_Assigned task:_ Retype all the records below exactly as they are, with no image carried over.

─── Raw data ───

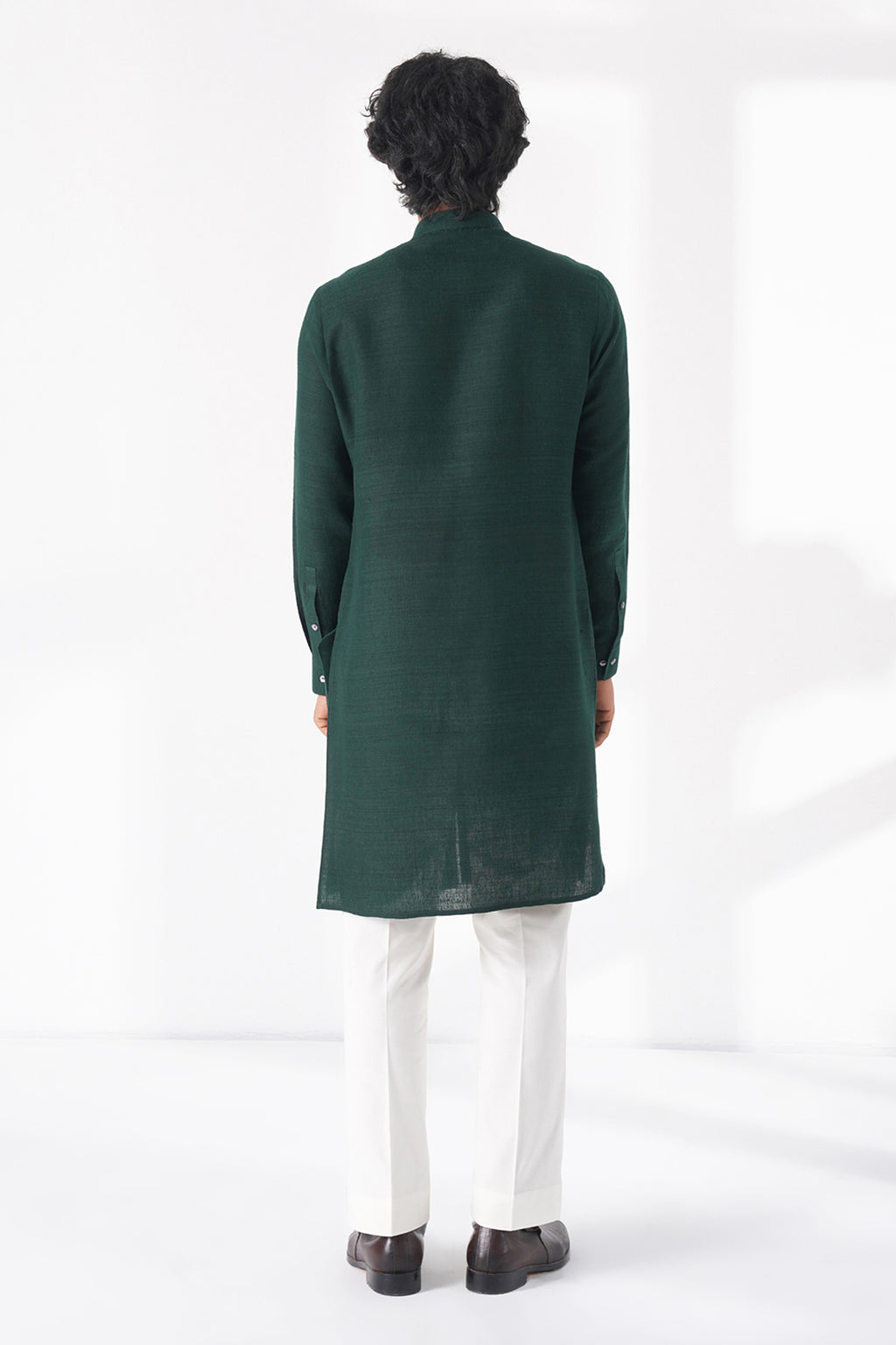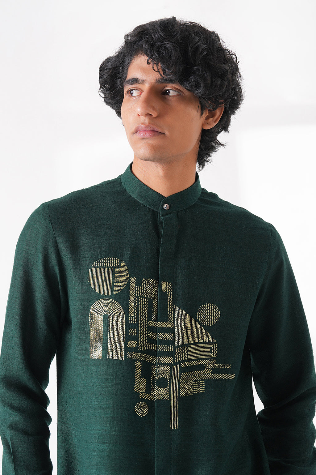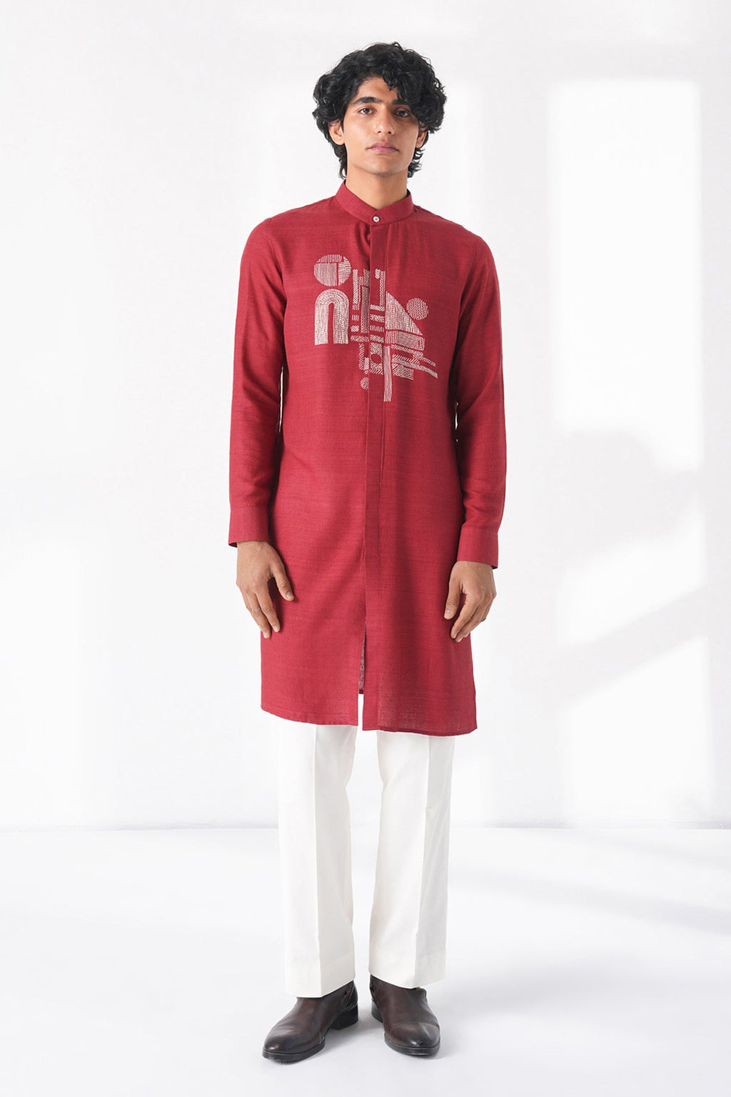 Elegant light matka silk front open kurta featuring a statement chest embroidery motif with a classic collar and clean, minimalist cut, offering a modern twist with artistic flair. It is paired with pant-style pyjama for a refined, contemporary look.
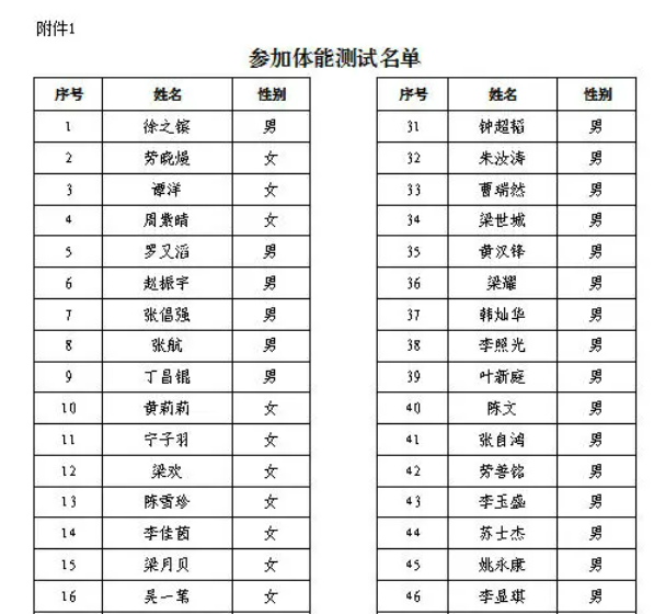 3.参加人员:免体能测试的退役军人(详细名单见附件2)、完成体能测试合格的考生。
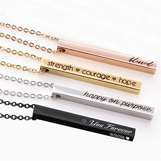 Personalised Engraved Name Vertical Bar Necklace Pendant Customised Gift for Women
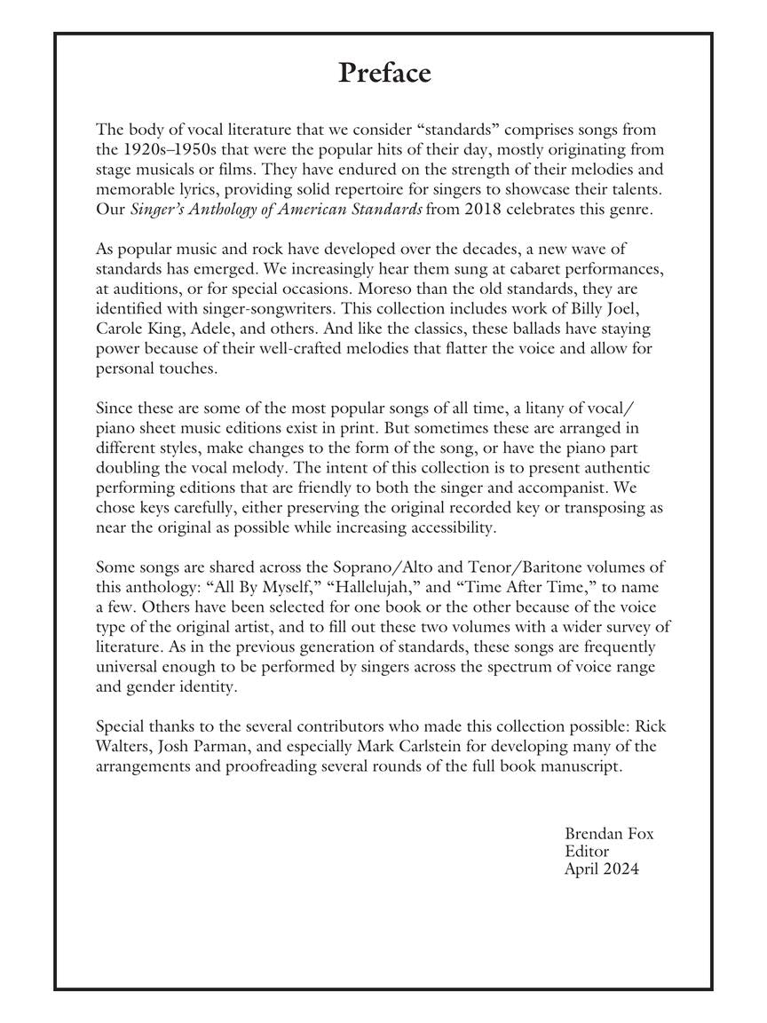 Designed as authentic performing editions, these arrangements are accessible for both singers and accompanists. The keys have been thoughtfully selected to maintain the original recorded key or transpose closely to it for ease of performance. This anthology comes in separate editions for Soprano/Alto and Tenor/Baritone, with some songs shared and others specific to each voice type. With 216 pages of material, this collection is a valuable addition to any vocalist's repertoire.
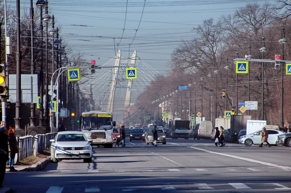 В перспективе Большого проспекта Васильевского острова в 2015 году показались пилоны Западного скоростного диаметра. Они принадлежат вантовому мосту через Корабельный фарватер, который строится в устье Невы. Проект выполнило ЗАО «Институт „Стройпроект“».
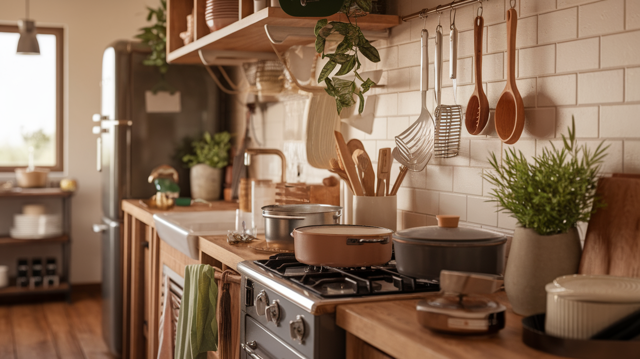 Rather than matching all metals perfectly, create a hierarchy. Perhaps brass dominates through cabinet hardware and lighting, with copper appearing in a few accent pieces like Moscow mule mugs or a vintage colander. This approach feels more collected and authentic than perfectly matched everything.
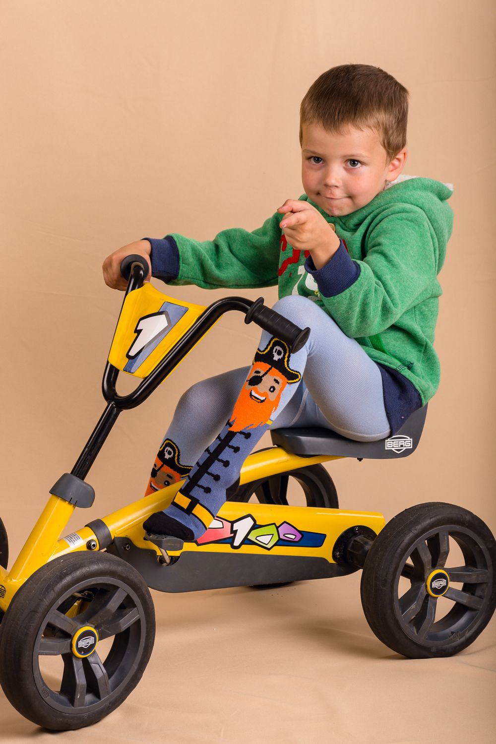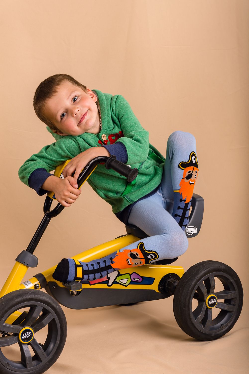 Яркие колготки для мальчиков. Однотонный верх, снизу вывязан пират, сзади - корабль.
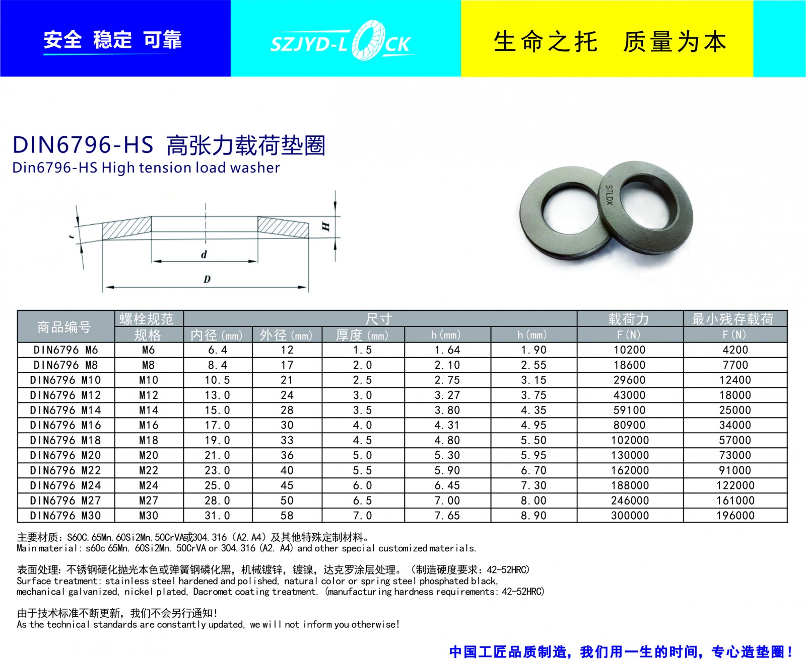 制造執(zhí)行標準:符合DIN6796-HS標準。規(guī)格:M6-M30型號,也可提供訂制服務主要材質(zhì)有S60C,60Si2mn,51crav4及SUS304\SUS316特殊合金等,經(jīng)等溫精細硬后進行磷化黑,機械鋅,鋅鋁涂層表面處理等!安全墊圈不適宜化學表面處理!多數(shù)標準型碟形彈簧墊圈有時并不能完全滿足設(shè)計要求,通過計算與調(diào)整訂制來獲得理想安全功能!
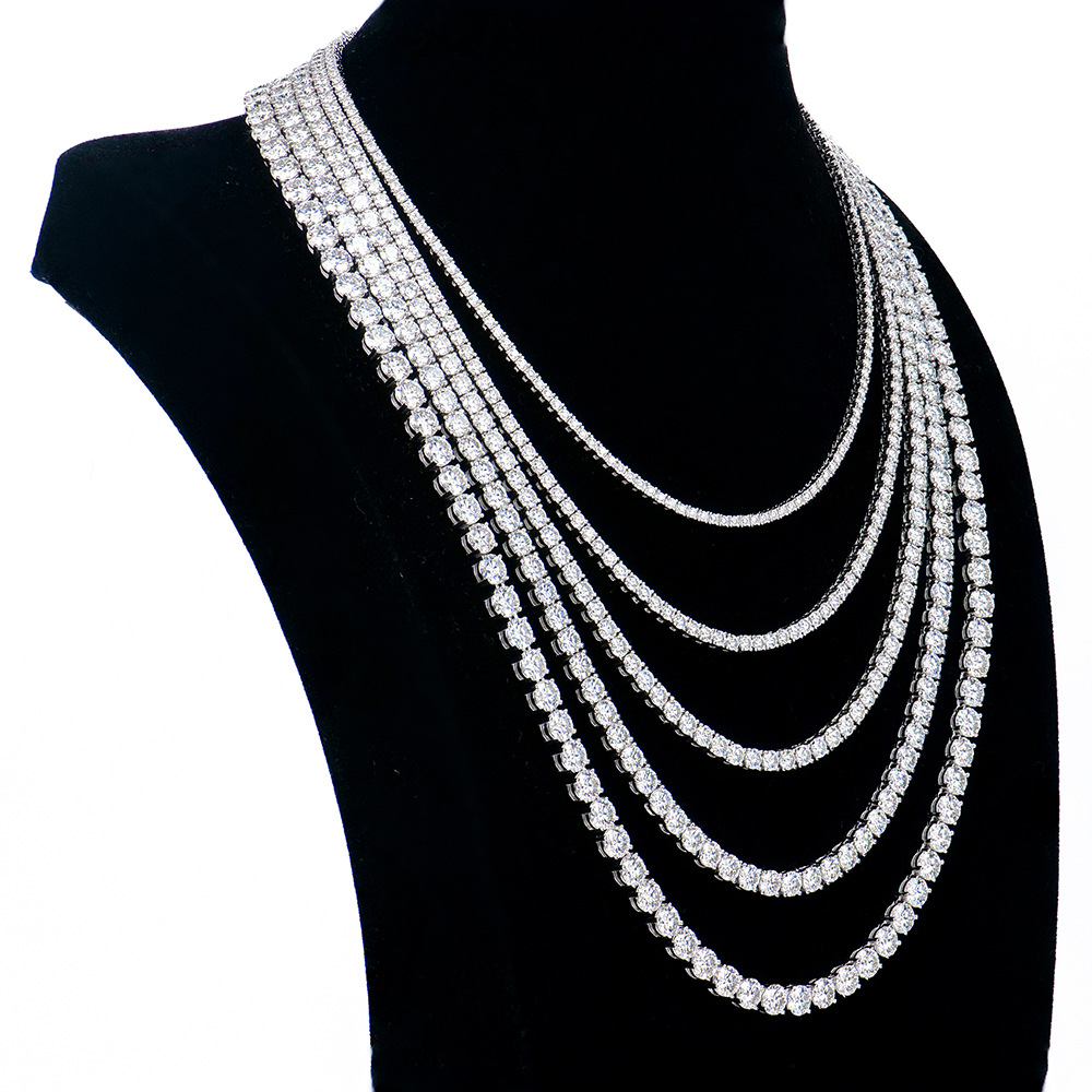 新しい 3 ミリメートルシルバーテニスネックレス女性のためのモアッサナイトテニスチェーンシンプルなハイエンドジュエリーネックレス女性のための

───

_Answer box:_
 Elegant light matka silk front open kurta featuring a statement chest embroidery motif with a classic collar and clean, minimalist cut, offering a modern twist with artistic flair. It is paired with pant-style pyjama for a refined, contemporary look.
 3.参加人员:免体能测试的退役军人(详细名单见附件2)、完成体能测试合格的考生。
 Personalised Engraved Name Vertical Bar Necklace Pendant Customised Gift for Women
 Designed as authentic performing editions, these arrangements are accessible for both singers and accompanists. The keys have been thoughtfully selected to maintain the original recorded key or transpose closely to it for ease of performance. This anthology comes in separate editions for Soprano/Alto and Tenor/Baritone, with some songs shared and others specific to each voice type. With 216 pages of material, this collection is a valuable addition to any vocalist's repertoire.
 В перспективе Большого проспекта Васильевского острова в 2015 году показались пилоны Западного скоростного диаметра. Они принадлежат вантовому мосту через Корабельный фарватер, который строится в устье Невы. Проект выполнило ЗАО «Институт „Стройпроект“».
 Rather than matching all metals perfectly, create a hierarchy. Perhaps brass dominates through cabinet hardware and lighting, with copper appearing in a few accent pieces like Moscow mule mugs or a vintage colander. This approach feels more collected and authentic than perfectly matched everything.
 Яркие колготки для мальчиков. Однотонный верх, снизу вывязан пират, сзади - корабль.
 制造執(zhí)行標準:符合DIN6796-HS標準。規(guī)格:M6-M30型號,也可提供訂制服務主要材質(zhì)有S60C,60Si2mn,51crav4及SUS304\SUS316特殊合金等,經(jīng)等溫精細硬后進行磷化黑,機械鋅,鋅鋁涂層表面處理等!安全墊圈不適宜化學表面處理!多數(shù)標準型碟形彈簧墊圈有時并不能完全滿足設(shè)計要求,通過計算與調(diào)整訂制來獲得理想安全功能!
 新しい 3 ミリメートルシルバーテニスネックレス女性のためのモアッサナイトテニスチェーンシンプルなハイエンドジュエリーネックレス女性のための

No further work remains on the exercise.